I have a VPS with static content and if it goes down I want another VPS with the same static content to be used to serve the information.

So my first VPS IP, let's say is 123.123.1.1 and then I have a VPS with another provider and it's IP is 124.124.2.2

What is the best way to have it go to the other VPS if the first one is down automatically? Is there a good program or script for this?


----------



## SrsX (Jan 24, 2014)

Sounds like what you're looking for is something similiar to load balancers.

I know on services like cloudflare, you can enter multiple ip addresses for example, www.{site}.com loads to 1.2.3.4, and www.{site}.com also loads to 4.3.2.1


----------



## peterw (Jan 24, 2014)

Minmeo said:


> What is the best way to have it go to the other VPS if the first one is down automatically? Is there a good program or script for this?

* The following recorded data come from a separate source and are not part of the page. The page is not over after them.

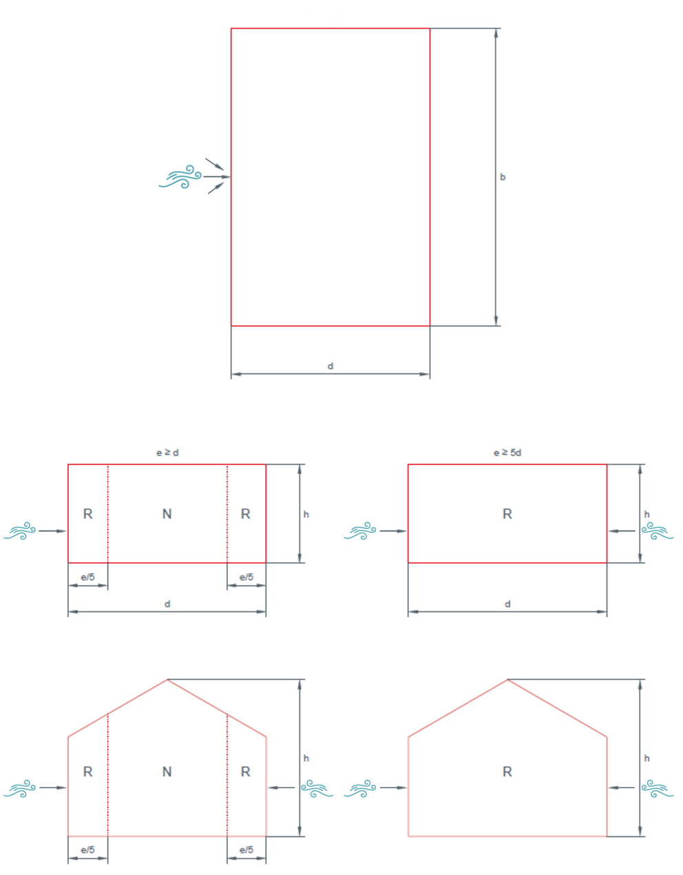 Det angitte minsteantallet tar hensyn til en delvis sikkerhetsfaktor på 1,35 og skal forstås som teoretisk bestemte verdier. R = kantområde (ytre trykkoeffisient cpe = –1,4), N = normalområde (ytre trykkoeffisient = –1,1).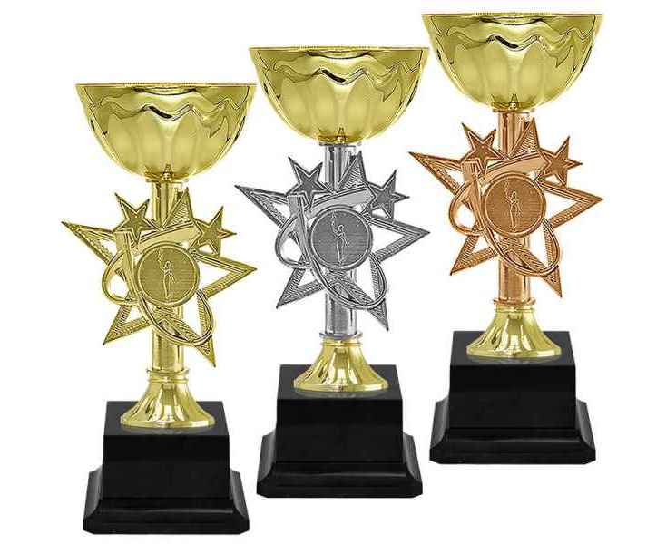 Серия кубков традиционной формы с элегантными чашами из металла и изысканными стемами из пластика.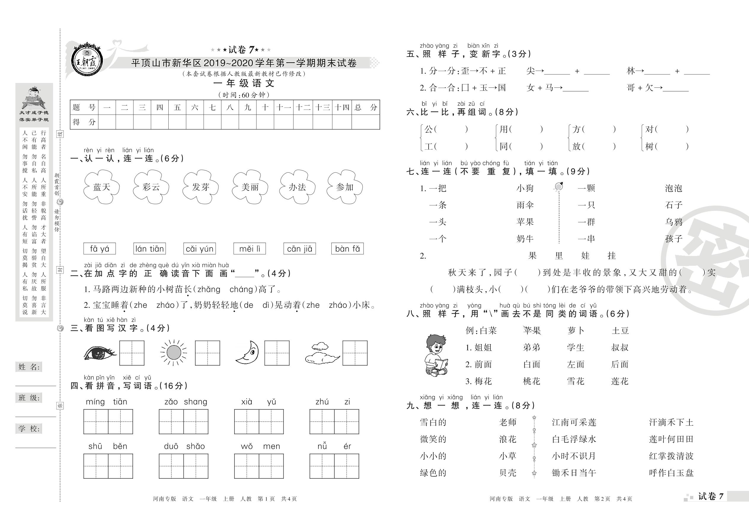 2019-2020学年第一学期平顶山市新华区一年级语文试卷(人教版)【7】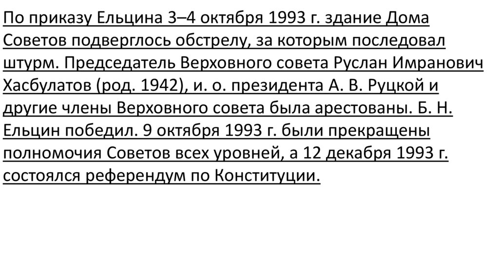 По приказу Ельцина 3–4 октября 1993 г. здание ДомаСоветов подверглось обстрелу, за которым последовал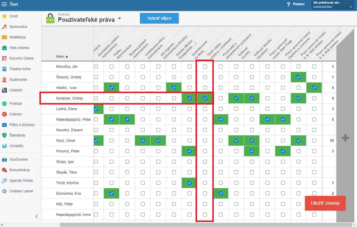 Učiteľovi môže administrátor prideliť právo na tlač všetkých zostáv v známkach cez Prehľad - Používateľské práva: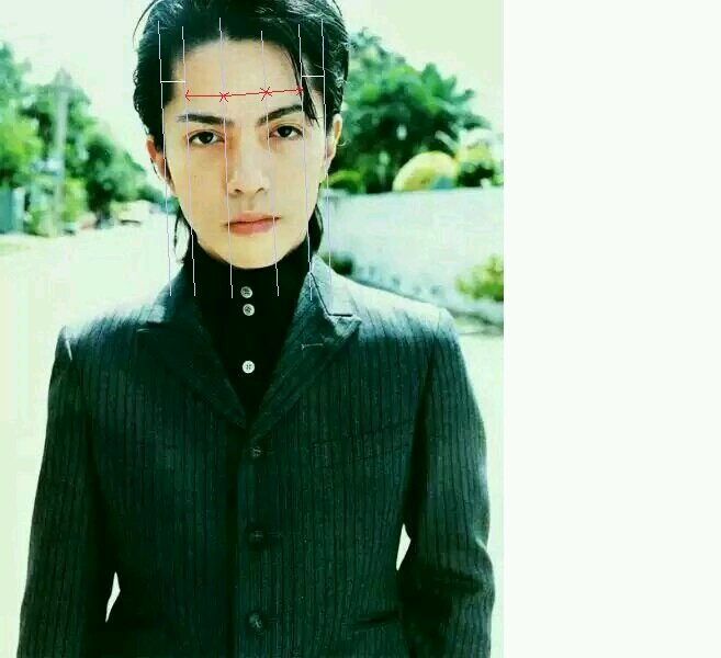 五眼准则不符,因为海大爷眼睛大且长,眼睛长度超过了面宽等于五倍眼长的准则(这是打破常规的其中一点啦)。但海大爷眼距、眼长、鼻翼宽度相等,显得五官不会太过局促也不会太过分散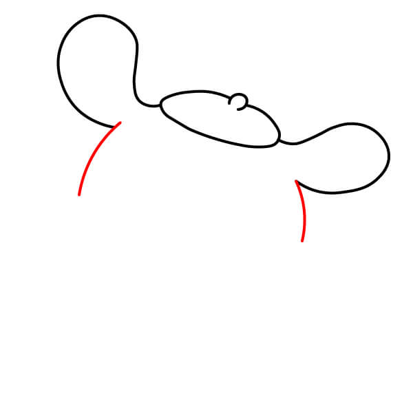 Dibuja una oreja redondeada en el lado izquierdo y una oreja muy grande y caída en el lado derecho de la cabeza, curvándose hacia arriba.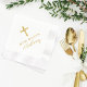 Diese religiöse Taufe feiert Serviette Design ist ein Kreuz mit der Gottes-Segen-Formulierung, die mit dem Vornamen des Babys personalisiert werden kann. In goldfarbener Digitalfarbe gedruckt.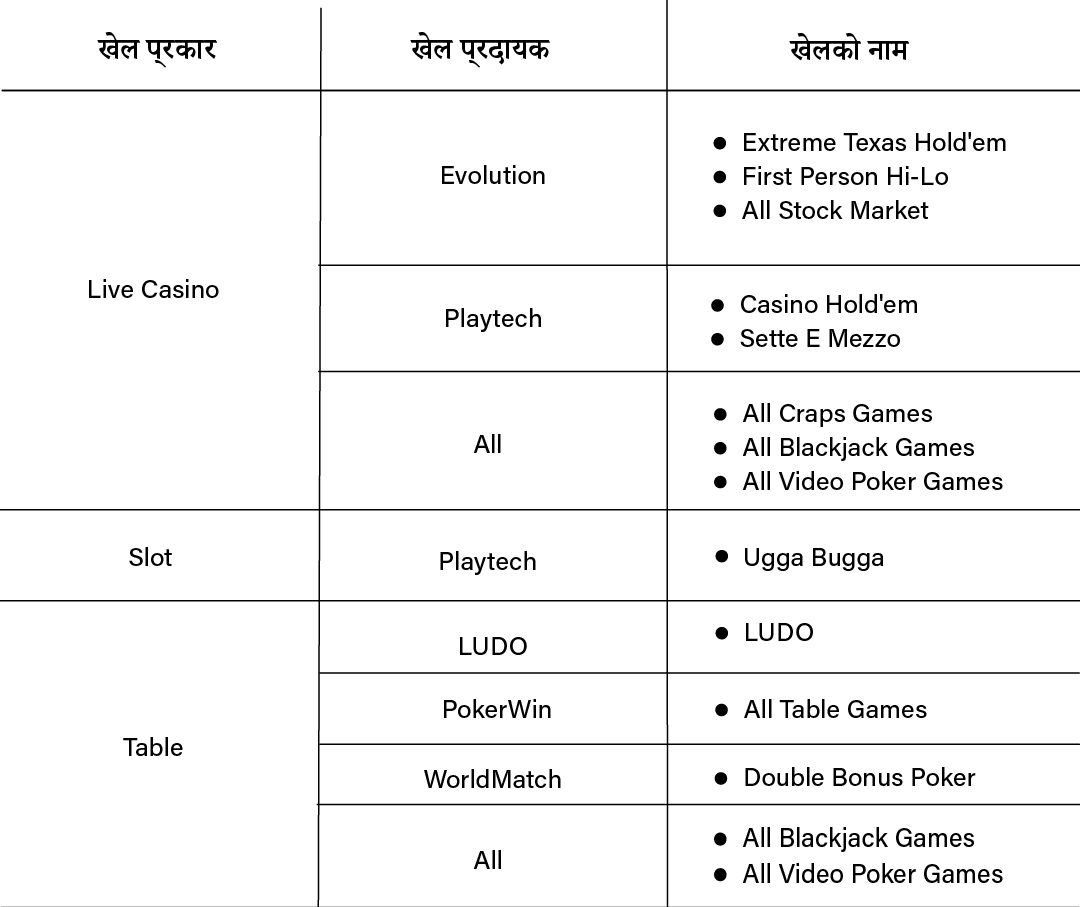 हाम्रो प्लेटफर्ममा अधिकांश सट्टाबाजीहरूले VIP पोइन्ट्स कमाउन मद्दत गर्छ, तर केही अपवादहरू छन्। VIP पोइन्ट्स कमाउन समावेश नगर्ने खेलहरूको विवरणका लागि तलको तालिका हेर्नुहोस्: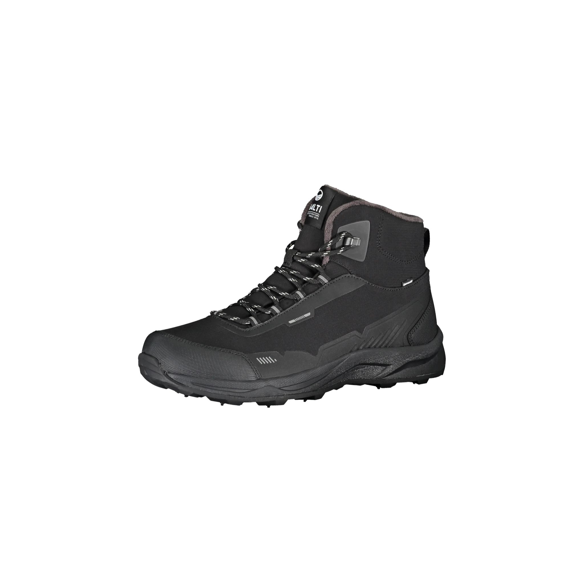 Halti Kenai Spike Boot is a waterproof and lightweight winter shoe designed for demanding terrain and outdoor activities. The upper is made from recycled softshell material, and the mid-cut design includes a DrymaxX® waterproof membrane with a warm textile lining to keep your feet dry and comfortable all day. The shock-absorbing Phylon midsole provides cushioning, while the rubber outsole with embedded carbon steel spikes ensures superior traction on ice and snow.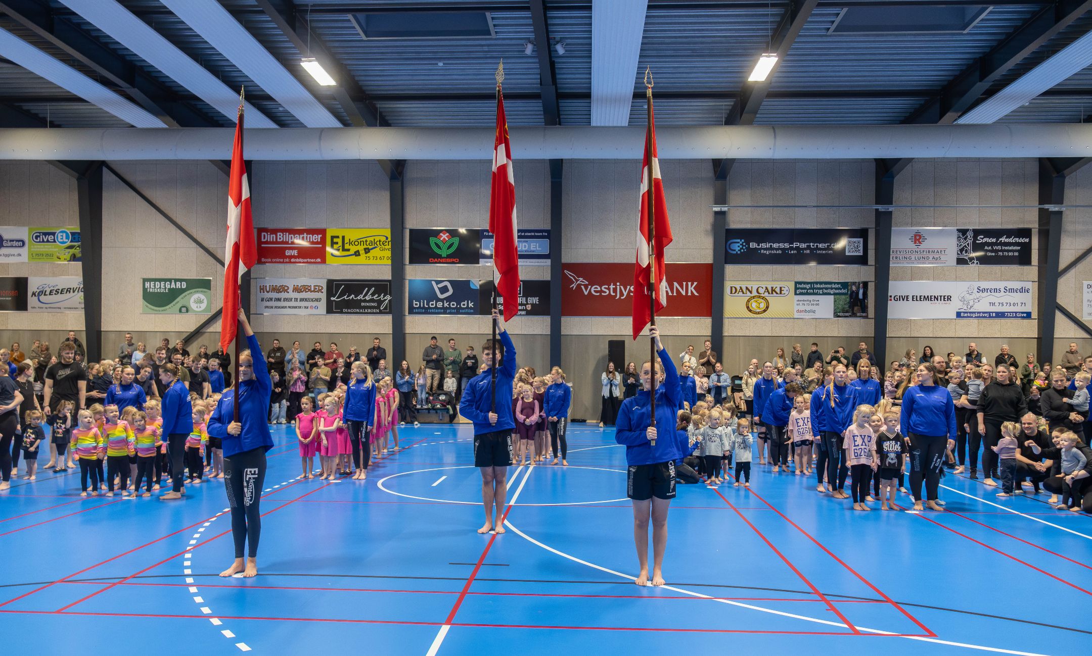 Flot indslag og en fantastisk start på lørdagens opvisning. Det skal også lige noteres, at der, inden opvisningen gik i gang, var en fin hyldest til tre andre jubilarer i foreningen, idet Malene Pasgaard, Mathias Korsgaard og Sofie Schmidt blev hyldet for 10 års frivilligt arbejde i gymnastikforeningen i Give.

Use a Failover DNS accountin Service:


----------



## marlencrabapple (Jan 24, 2014)

Never tried this via DNS, but I just recently set up nginx to do something similar with dynamic content. You can tell nginx to use another location directive on an error. I have it set up in case a fastcgi process fails and throws a 502. Instead of displaying the error it just tries again with fcgiwrapper, since the script is compatible with both. You could definitely do something similar with purely static content.


----------



## KuJoe (Jan 24, 2014)

I've done this with both load balancing (varnish) and DNS (DNSMadeEasy). The most reliable method I've used was with the load balancer but the load balancer is a single point of failure still so DNS failover is the most reliable because it's multiple, completely redundant front facing servers. The downside to DNS failover is usually the cost involved and I've found that the heartbeat DNSMadeEasy uses isn't the most reliable so sometimes it will mark an IP as bad when it's not.


----------



## mikho (Jan 24, 2014)

You still have to monitor the servers and update the DNS records if one goes down, at least with cloudflare.


Cloudflare will still serve both IPs which will give some users the error page instead.


I'm looking in on how to use the Cloudflare API to update DNS zones.


Reason that I'm looking at Cloudflare is because I "need" the ipv6->ipv4 conversion.


----------



## Minmeo (Feb 5, 2014)

Thank you everyone. I will look more into this and if I figure it out in a simple way I might try to write a howto and share it here!


----------